Production Example 1
[0167] A high-frequency voltage of about 4 MHz and about 80 kVA was
applied to the high-frequency oscillating coil 12b of the plasma
torch 12. Mixed gas of argon gas 50 liters/min and nitrogen 50
liters/min was supplied as plasma gas from the plasma gas supply
source 22. An argon-nitrogen thermal plasma flame was generated in
the plasma torch 12. Carrier gas of 10 liters/min was supplied from
the spraying gas supply source of the material-supplying apparatus
140.
[0168] The powder material, a material for producing black
composite particles, which was premixed at a predetermined mixing
ratio was supplied, together with argon gas as carrier gas, into a
thermal plasma flame in the plasma torch 12, and evaporated in the
thermal plasma flame into a mixture highly dispersed in the vapor
state.
[0169] Nitrogen was used as the gas supplied into the chamber 16 by
means of the gas-supplying apparatus 28. The flow rate in the
chamber was 5 m/sec, and the amount supplied was 1000 L/min.

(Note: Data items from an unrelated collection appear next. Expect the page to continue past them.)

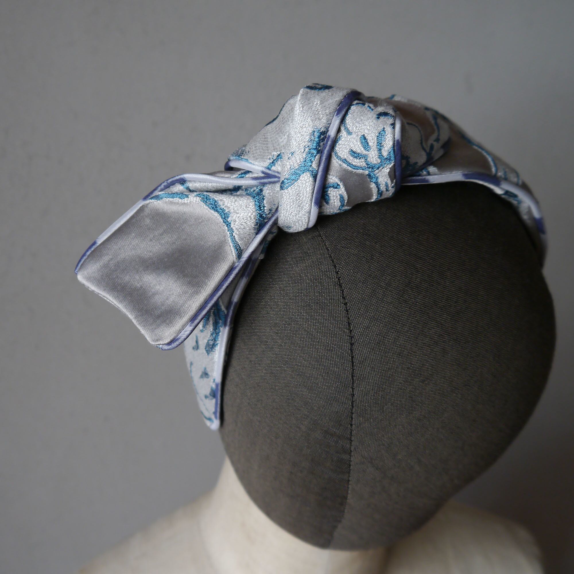 ベース➡シルバーにブルーフラワー織の生地(フランス買付生地)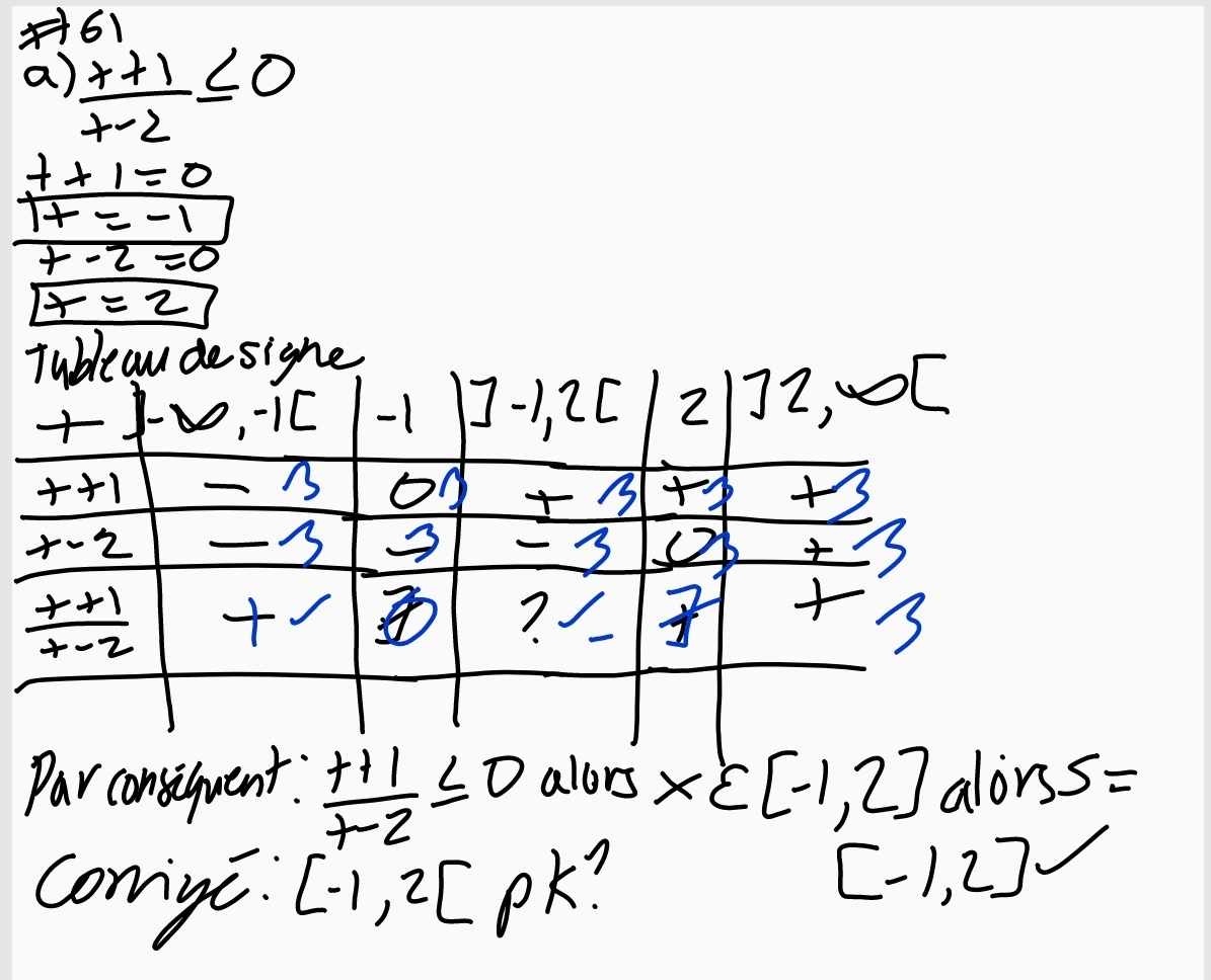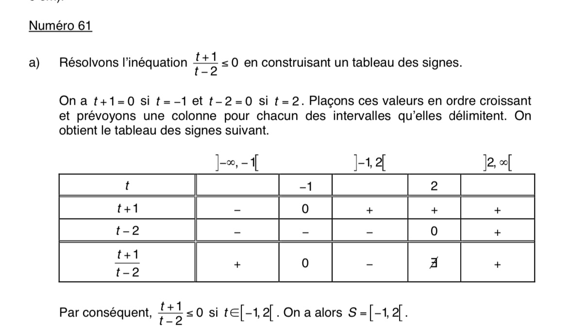Pour la dernière ligne de ton tableau, tu dois déterminer le signe de la fonction en multipliant les signes des deux lignes précédentes. Ainsi, pour ]infini-, -1[ par exemple, tu as deux signes négatifs. Lorsqu'on multiplie des nombres négatifs ensemble, le résultat est positif. C'est pourquoi la fonction t+1/t-2 est positive avant t=-1.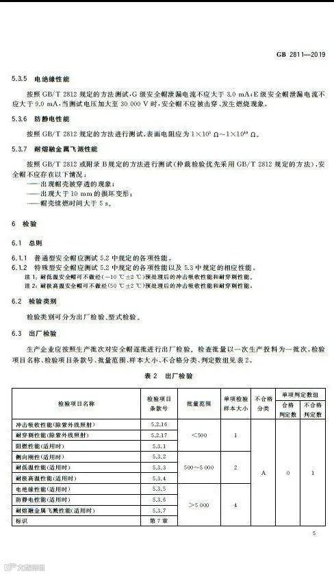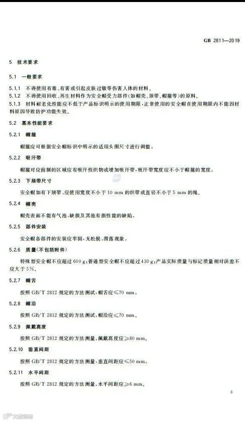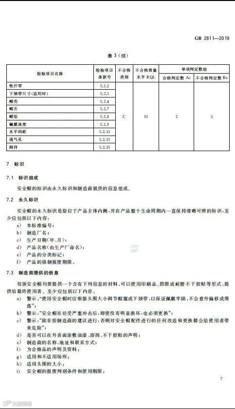 新版的GB2811-2019规定,在安全帽内侧,全生命周期内必须清晰保持以下6项标识: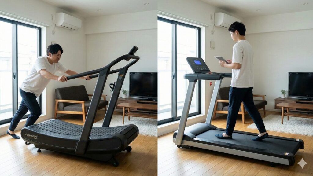「強制力」が習慣化を助けてくれる 自走式は疲れてくると無意識にペースが落ちてしまいますが、電動式はマシンがペースメーカーになってくれます。設定した速度に「ついていく」という適度な強制力があるおかげで、自分に甘くなることなく、目標の心拍数を維持した効率的な有酸素運動を淡々とこなせるんです。実は、この「受動的な運動」こそが、脳のリソースを奪わずに継続するための秘訣だったりします。

[0170] The pressure in the cyclone 19 was 50 kPa, and the supply
rate of the black composite particles from the chamber 16 to the
cyclone 19 was 10 m/s (mean value).
[0171] The BET specific surface area of the resultant black
composite particles Bk1 was 33.4 m.sup.2/g. The composition
analysis revealed that the titanium content was 68.3% by mass; the
nitrogen content was 19.3% by mass; the oxygen content was 5.0% by
mass; the silver content was 6.9% by mass; the angle of diffraction
2.theta. of the peak originated from TiN (200) plane was
42.63.degree.; and the crystallite size determined from the half
bandwidth of this peak was 36 nm. No X-ray diffraction peaks
originated from TiO.sub.2 were observed at all.
Production Example 2
[0172] Similarly to Production Example 1, black composite particles
Bk2 were obtained using as a material the mixed powder of Ti and Ag
premixed at a predetermined mixing ratio. The BET specific surface
area of the black composite particles Bk2 was 30.7 m.sup.2/g. The
composition analysis revealed that the titanium content was 65.4%
by mass; the nitrogen content was 17.7% by mass; the oxygen content
was 5.9% by mass; the silver content was 10.5% by mass; the angle
of diffraction 2.theta. of the peak originated from TiN (200) plane
was 42.57.degree.; and the crystallite size determined from the
half bandwidth of this peak was 35 nm. Some X-ray diffraction peaks
originated from TiO.sub.2 were observed.
Production Example 3
[0173] Similarly to Production Example 1, black composite particles
Bk3 were obtained using as a material the mixed powder of Ti and Ag
premixed at a predetermined mixing ratio. The BET specific surface
area of the black composite particles Bk3 was 28.8 m.sup.2/g. The
composition analysis revealed that the titanium content was 59.8%
by mass; the nitrogen content was 17.0% by mass; the oxygen content
was 3.8% by mass; the silver content was 18.9% by mass; the angle
of diffraction 2.theta. of the peak originated from TiN (200) plane
was 42.56.degree.; and the crystallite size determined from the
half bandwidth of this peak was 37 nm. No X-ray diffraction peaks
originated from TiO.sub.2 were observed at all.
Production Example 4
[0174] Similarly to Production Example 1, black composite particles
Bk4 were obtained using as a material the mixed powder of Ti and Ag
premixed at a predetermined mixing ratio. The BET specific surface
area of the black composite particles Bk4 was 23.5 m.sup.2/g. The
composition analysis revealed that the titanium content was 48.9%
by mass; the nitrogen content was 13.6% by mass; the oxygen content
was 3.7% by mass; the silver content was 33.5% by mass; the angle
of diffraction 2.theta. of the peak originated from TiN (200) plane
was 42.58.degree.; and the crystallite size determined from the
half bandwidth of this peak was 48 nm. No X-ray diffraction peaks
originated from TiO.sub.2 were observed at all.
Production Example 5
[0175] Similarly to Production Example 1, black composite particles
Bk5 were obtained using as a material the mixed powder of Ti and Pd
premixed at a predetermined mixing ratio. The BET specific surface
area of the black composite particles Bk5 was 26.9 m.sup.2/g. The
composition analysis revealed that the titanium content was 61.7%
by mass; the nitrogen content was 16.6% by mass; the oxygen content
was 3.8% by mass; the palladium content was 16.2% by mass; the
angle of diffraction 2.theta. of the peak originated from TiN (200)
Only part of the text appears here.